Look, we used to keep this need to criticize bottled up in the art swamp where it caromed harmlessly off of giant soup cans, blank verse, and untalented exhibitionists smearing themsleves with chocolate and cramming yams up their ass. But now it's spilled over the media flood wall and into every activity of our lives. Sports, pet training, home repair, snow removal, you name it somewhere there's a cable show dedicated to ripping it. And I'm not saying there isn't a place for solid intelligent constructive criticism but when was the last time you read a review of something, a movie, a play, a book, that gave you a real feel or what the author was trying to say. Probably been a whil huh? Because nowadays you can only make a name for yourself as a critic if you pass out blow jobs like Madonna at the NBA all star game, or... or if you're a spiteful crank heaping scorn on everything he sees, the kind of poison tongued lard encased asshole who refuses to review anything he enjoys because his praise mechanism was broken when his father wouldn't buy him an easy bake oven for his tenth birthday(applause). Now I don't have any personal axe to grind here, bad reviews don't affect me that much. I'm not the kind of guy who names names, in fact I don't even know the name of the slimey fuckwad from Entertainment Weekly. I feel so cleansed.

The key thing to remember about all critics is that they remain dependent on the innovator, the person doing the real work of creating. And because they just sit on the sidelines of life, never the hunter, they are doomed to be forgotten. But it's not all their fault I mean, we give them their chance when we rely too much on critics to make our choices for us. We give them the power because the sheer speed of existence has rattled our already fragile confidence when it comes to things artistic.
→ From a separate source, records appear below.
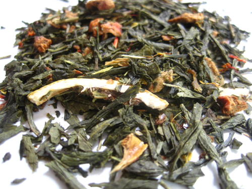 Are you a fan of sour apple flavor? I remember fondly the sour apple Jolly Ranchers of my youth, and I also recall a sour apple chewing gum that I don't see around anymore. A good grown-up replacement is this Sour Apple Martini green tea, which contains green tea, apple and lemon pieces, safflower and sunflower petals, and natural flavors. Somehow, they managed to subtly capture that "sour" taste in the tea, and I just love it!
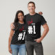 Black tee shirt with "Dad you're #1" set across the front in bold, red and white typographic design. Great gift for father's day or birthday.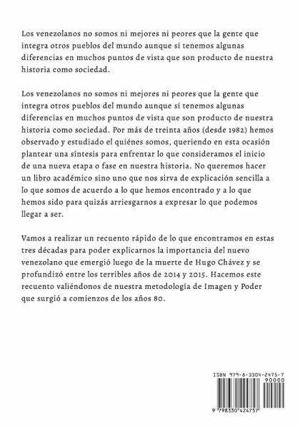 Los venezolanos no somos ni mejores ni peores que la gente que integra otros pueblos del mundo aunque sí tenemos algunas diferencias en muchos puntos de vista que son producto de nuestra historia como sociedad. Los venezolanos no somos ni mejores ni peores que la gente que integra otros pueblos del mundo aunque sí tenemos algunas diferencias en muchos puntos de vista que son producto de nuestra historia como sociedad. Por más de treinta años (desde 1982) hemos observado y estudiado el quiénes somos, queriendo en esta ocasión plantear una síntesis para enfrentar lo que consideramos el inicio de una nueva etapa o fase en nuestra historia. No queremos hacer un libro académico sino uno que nos sirva de explicación sencilla a lo que somos de acuerdo a lo que hemos encontrado y a lo que hemos sido para quizás arriesgarnos a expresar lo que podemos llegar a ser. Vamos a realizar un recuento rápido de lo que encontramos en estas tres décadas para poder explicarnos la importancia del nuevo venezolano que emergió luego de la muerte de Hugo Chávez y se profundizó entre los terribles años de 2014 y 2015. Hacemos este recuento valiéndonos de nuestra metodología de Imagen y Poder que surgió a comienzos de los años 80.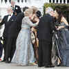Greece's King Constantine II (3rd R) and Queen Anne-Marie (5th R) are greeted by other guests as they arrive for a pre-wedding dinner ahead of the wedding of Britain's Prince William and his fiancee Kate Middleton at the Mandarin Oriental Hotel in London on April 28, 2011.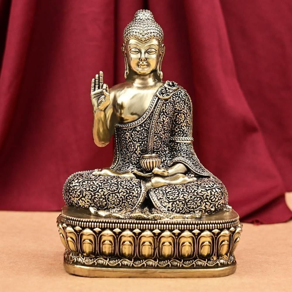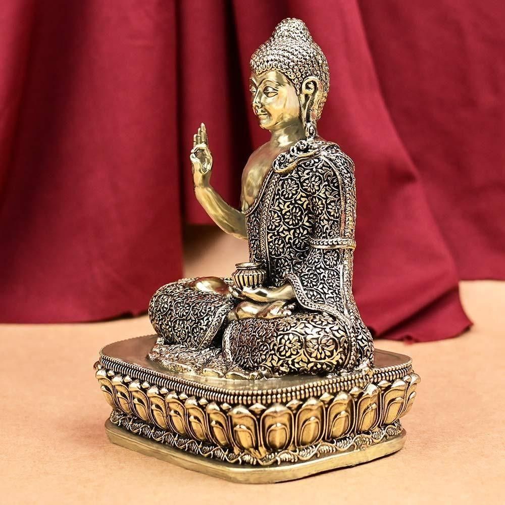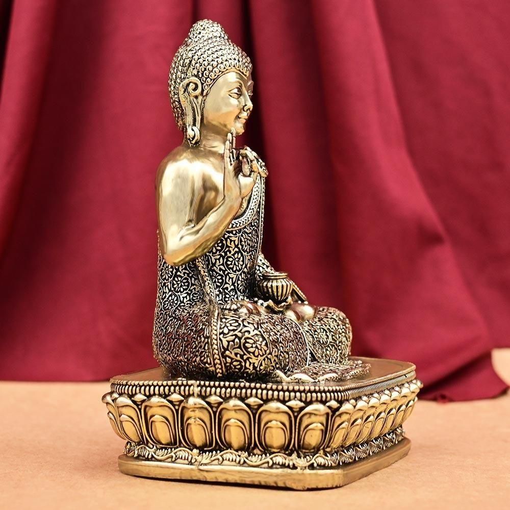 神聖な8種の合金であるアシュタダートゥで作られた、インドではヴィシュヌ神9番目の化身とされる仏陀の座像です。仏陀の説く心の寂静を象徴する穏やかな表情が際立ちます。

We think we need help sorting out artsy things, that somehow we don't have all the facts. But you know something, we don't need help. You like the Red Skelton painting, buy the Red Skelton painting alright. You like Home Improvement, tape it and go over it like the zabruder film(applause). It's your living room, it's your life, go nuts. Enjoy the world on your terms, follow your own heart and take what critics say with a fifty pound bag of salt because at best a critic is just another human being, like yourself, fumbling around in the dark trying to separate the artistic wheat from the wonderbread.

So the next time you see Roger Ebert sitting on his titanium reinforced love seat pissing off on the work of some you person who doesn't quite have it yet but might be on their way to having it some day, remember the time Roger decided to dive into the deep end of the creative pool. He wrote the Russ Meyer film "Beyond the Valley of the Dolls." And, if you'll pardon me for putting on the critics hat for a second myself, I must tell you that was a huge repulsive, quasi radioactive, spectacularly inept, borderline trogloditic, pile of high density, low brow, can't get it our of your mind or off your shoe DOGSHIT!

Of course, that's just my opinion. I could be wrong, and the balcony is now closed.